Classical economic theory posits that prices rise with too much money chasing few goods, which in our context translates into huge deficit financing and persistent current account imbalance that lead to inflationary pressures through currency depreciation.

Lasseiz faire theorists regard Adam Smith’s ‘invisible hand’, with free interplay of supply and demand, determining fairest prices leading to the optimum utilisation of the factors of production: ‘the largest gain for the widest numbers’. Government intervention in price mechanisms are thus considered as self-defeating.

But the so called ‘benevolent cycle’ can also result, if not regulated, in a ‘malevolent cycle’ as the 1930s and 1940s US Great Depression showed which was resurrected by implementation of the

‘Keynsian’ theory of robust state intervention in the shape of ‘pump priming’.

In a similar way under conditions of an imperfect market with widespread scope for profiteering, racketeering, hoarding, smuggling, illicit trade, regular checking of prices by government functionaries becomes unavoidable to protect the disorganised and unguarded consumer from the cartelisation of business.
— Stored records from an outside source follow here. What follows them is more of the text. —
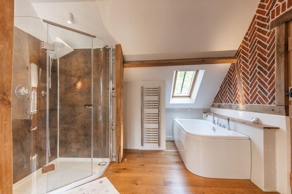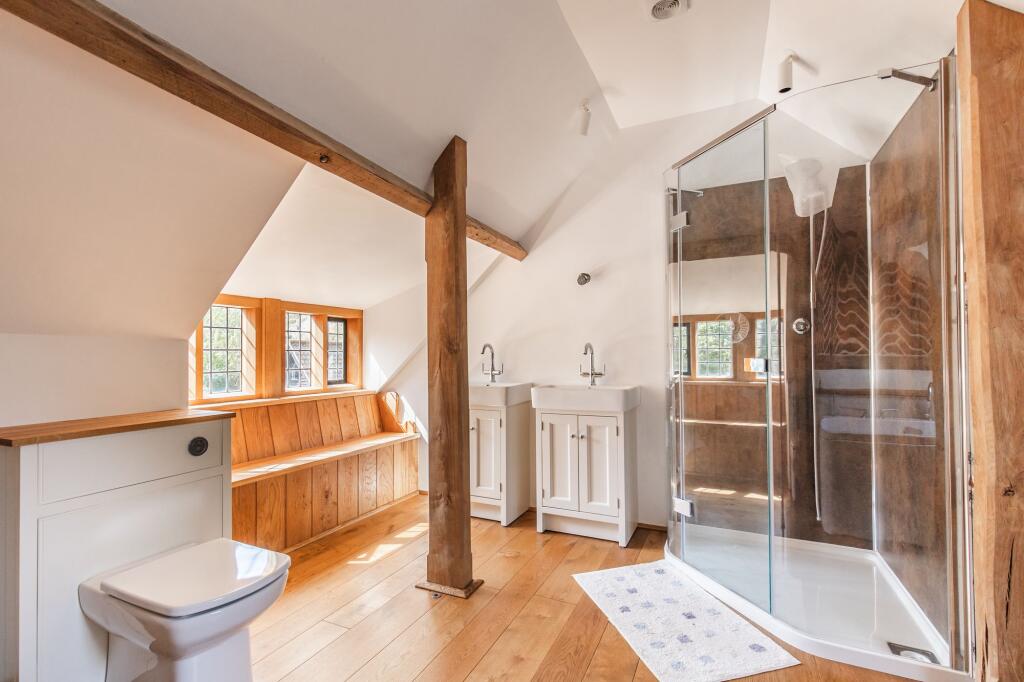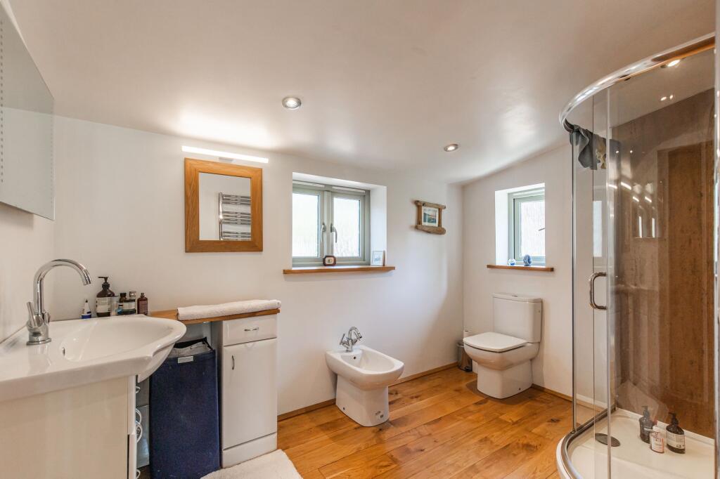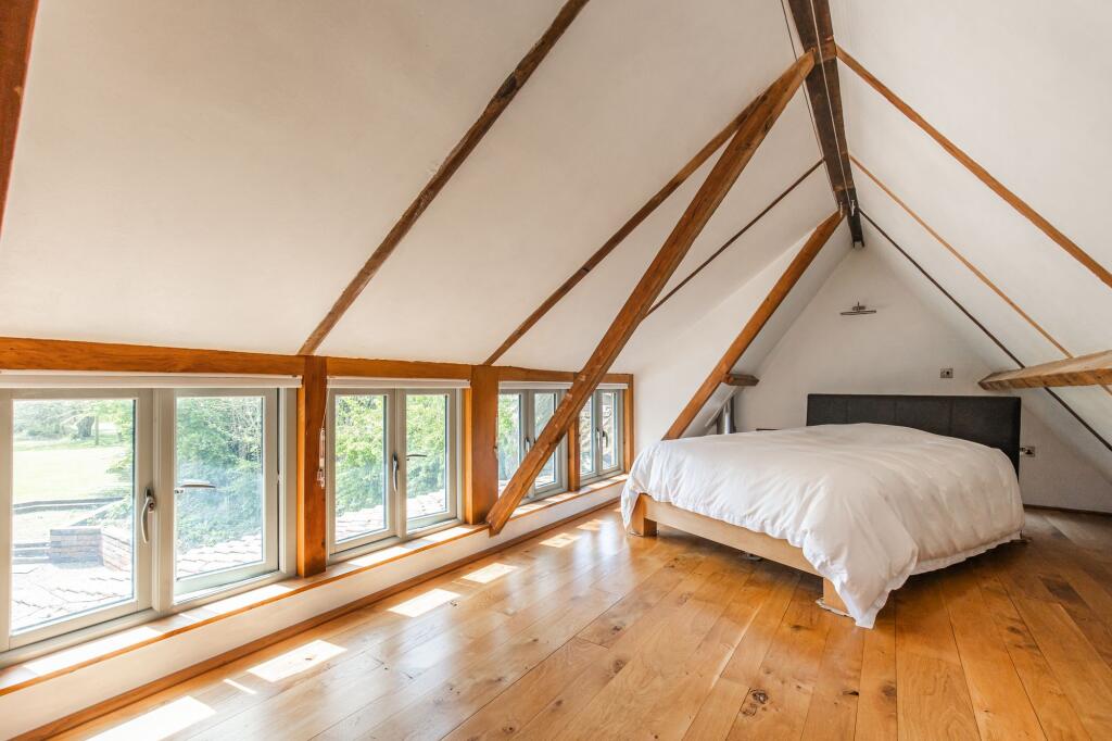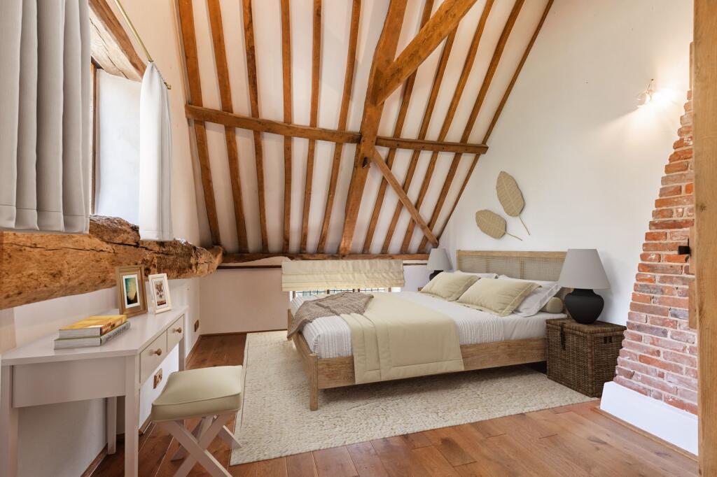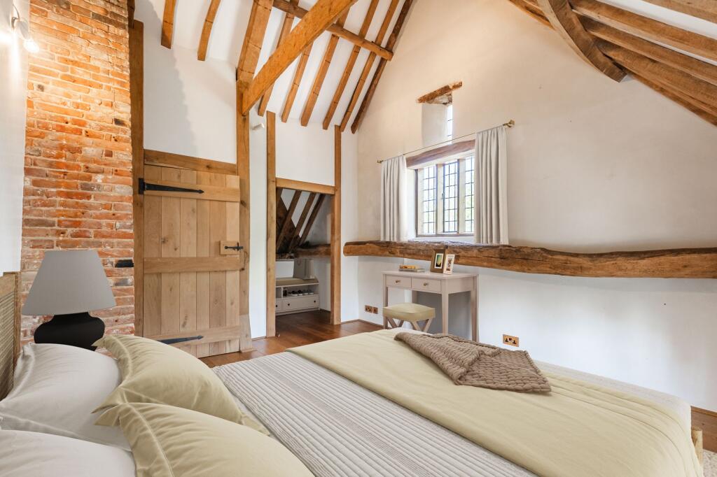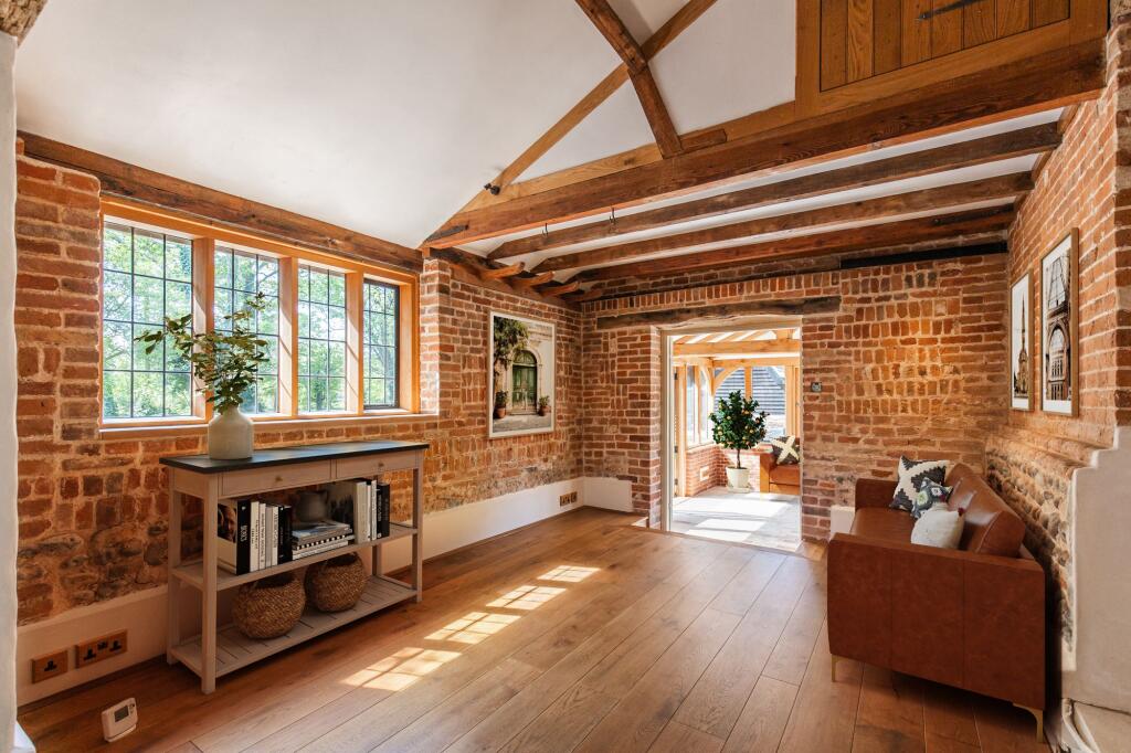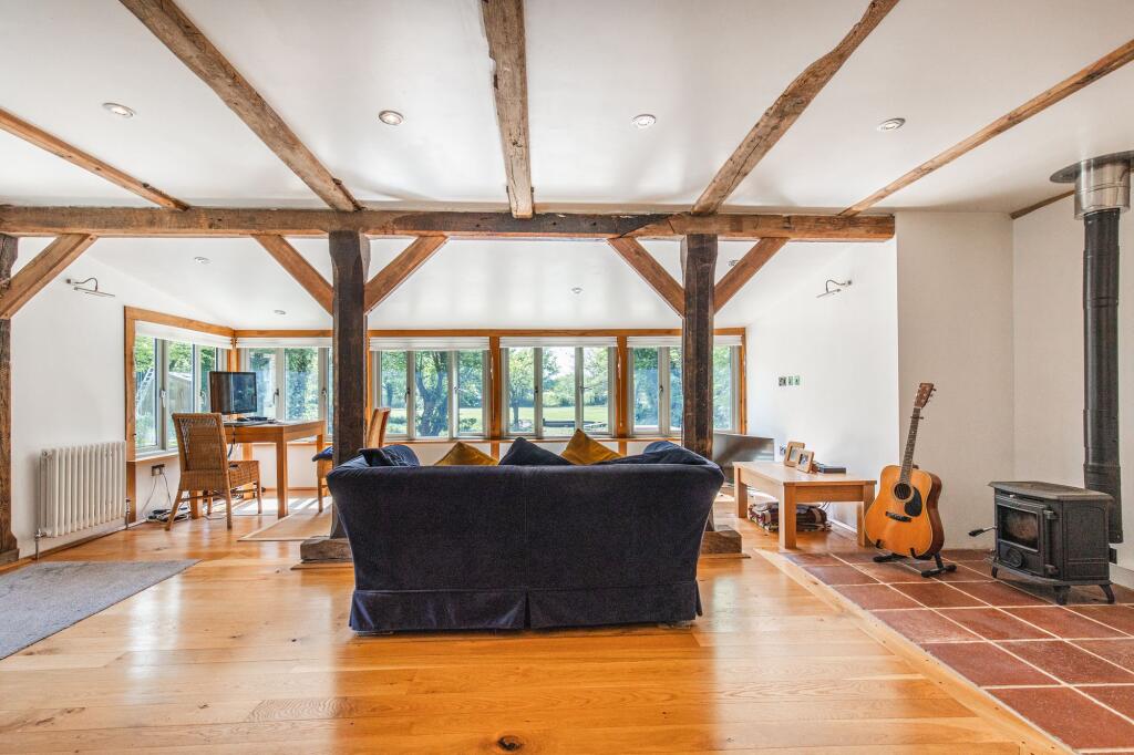 GUIDE PRICE £1,000,000 - £1,100,000. A stunning five bedroom character barn boasting impeccably renovated interiors, renovated to the most exacting of standards. Ground floor bedrooms, a detached cottage annexe and an enchanting plot of 0.75 acres (STS) make this a unique home to cater for all ge...
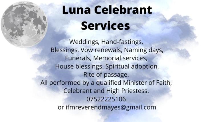 Luna Celebrant Services is run by Shelley, an ordained, interfaith minister and High Priestess, who has many years experience of handfastings, naming days and blessings.
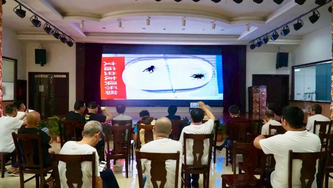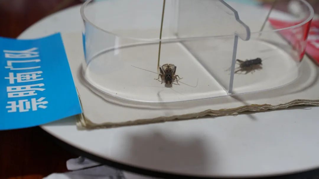 比赛开始,双方选手挑选各自的蟋蟀放在盒子里,然后拿着草芡逗引蟋蟀至热身时,裁判将隔板拿开,两只蟋蟀捉对厮杀。
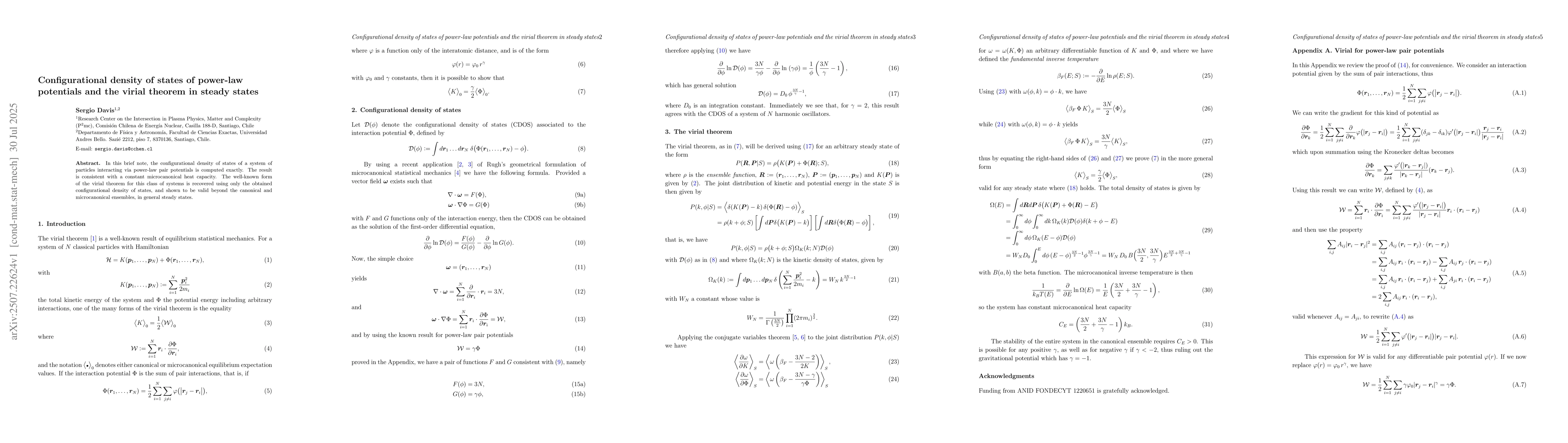 The main technical contribution is the exact computation of the configurational density of states for power-law potentials and the extension of the virial theorem to general steady states using this CDOS.
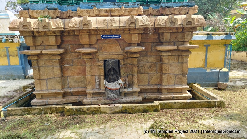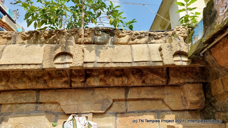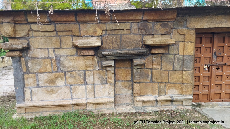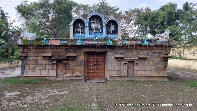நேராக முன்னால் மகா மண்டபம் மற்றும் கர்ப்பகிரஹம் உள்ளது, ஆனால் இவை சாதாரண தரை மட்டத்திற்கு கீழே இருப்பது போல் தெரிகிறது – இது கோவில் பகுதியின் மற்ற பகுதிகளில் தரைமட்டத்தை அதிகரிப்பதன் காரணமாக இருக்கலாம். இப்பகுதியில் உள்ள பல பழைய சோழர் கோயில்களைப் போலவே, கோயிலின் கீழ் பகுதி கிரானைட்டாலும், மேல் பகுதி செங்கல், மண் மற்றும் சாந்து ஆகியவற்றால் ஆனது.
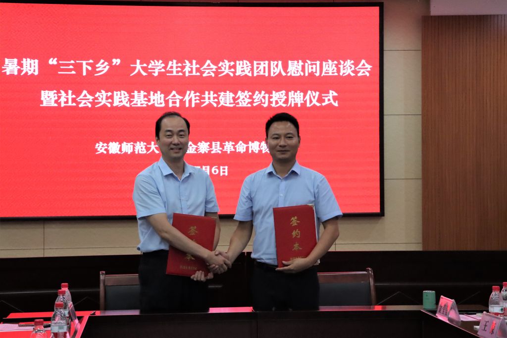 7月6日下午,副董事长彭凤莲、校团委书记汪凯在公司党委书记贾冠忠,党委副书记乔静、副经理杨兴柱的陪同下,来到金寨县革命博物馆,亲切慰问安徽省暑期“三下乡”社会实践红色专项重点团队、英国365集团官网赴皖西革命老区文旅融合助力乡村振兴调研实践团队的全体队员,金寨县人民政府副县长聂玮、金寨县革命博物馆馆长倪军等同志热情接待了彭凤莲一行,并举行英国365集团官网赴金寨县革命博物馆暑期“三下乡”老员工社会实践团队慰问座谈会暨社会实践基地合作共建签约授牌仪式。活动由金寨县文化旅游体育局党组成员、工会主任朱洪波主持。
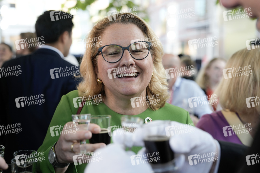 Svenja Schulze mit einem Lüttje Lage beim Sommerfest der Niedersächsischen Landesregierung 2024 in der Vertretung des Landes Niedersachsen beim Bund. Berlin, 24.06.2024
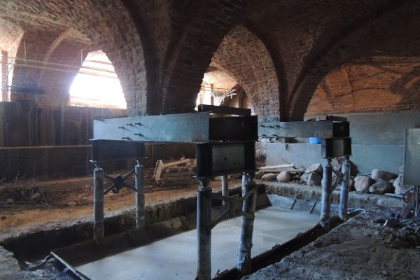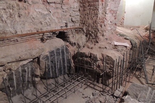 С этой целью устраивается сложная временная конструкция, на которой в подвешенном состоянии находятся кирпичные своды в то время, как уничтожается исторический валунный фундамент и сооружается новый, железобетонный, занимающий меньшую площадь.
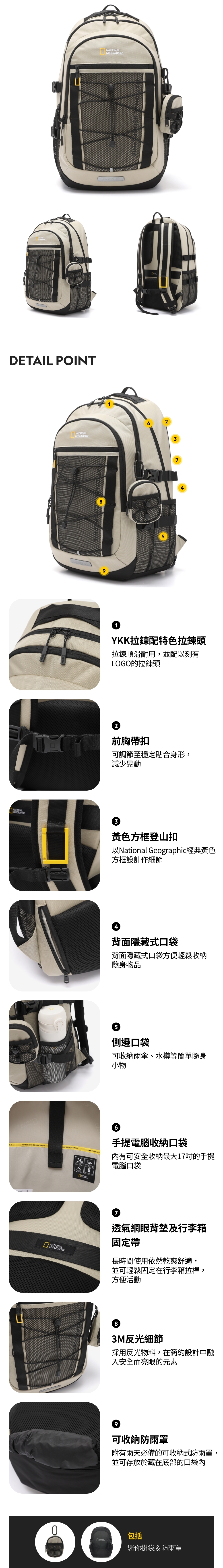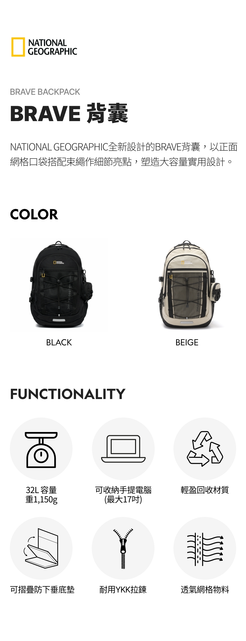 National Geographic全新設計的BRAVE背囊,以正面網格口袋搭配束繩作細節亮點,塑造大容量實用設計。
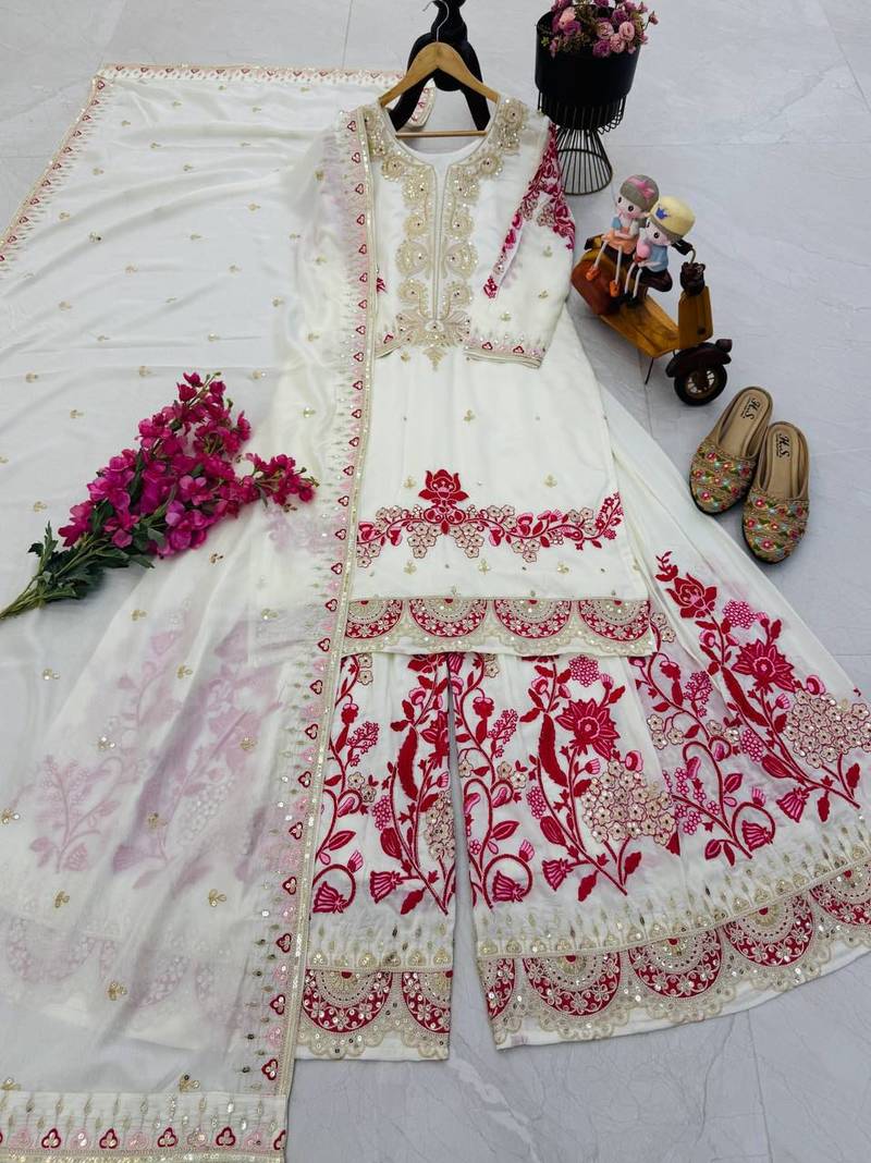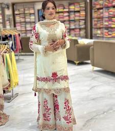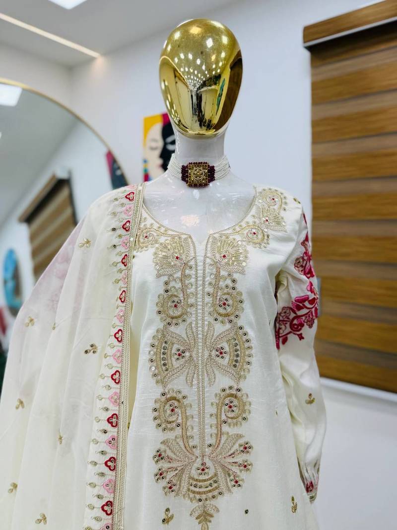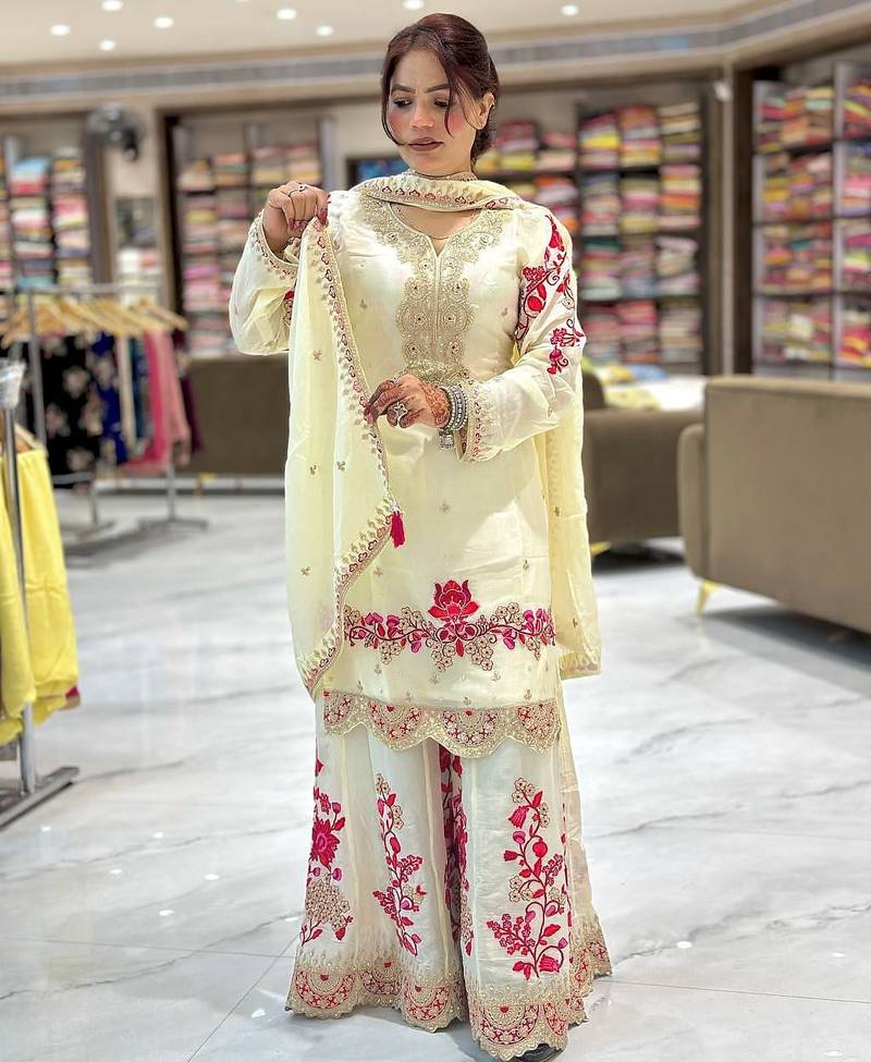 Off-white embroidered tissue silk kurta palazzo set stitched

Under such uneven economic conditions, where safeguards for fair profit do not exist, statutes and laws exist to control overpricing, profiteering, hoarding in most countries of the world especially among the underdeveloped economies like India, Pakistan, Bangladesh and Sri Lanka. In the case of Pakistan such important laws are: ¡) The West Pakistan (Foodstuffs) Control Act, 1958; ¡¡) Price Control and Protection of Profiteering and Haording Act, 1977; ¡¡¡) Essential Commodities Price and Availability Ord 1977; iv) Punjab Price Control of Essential Commodities Ordinance, 2023.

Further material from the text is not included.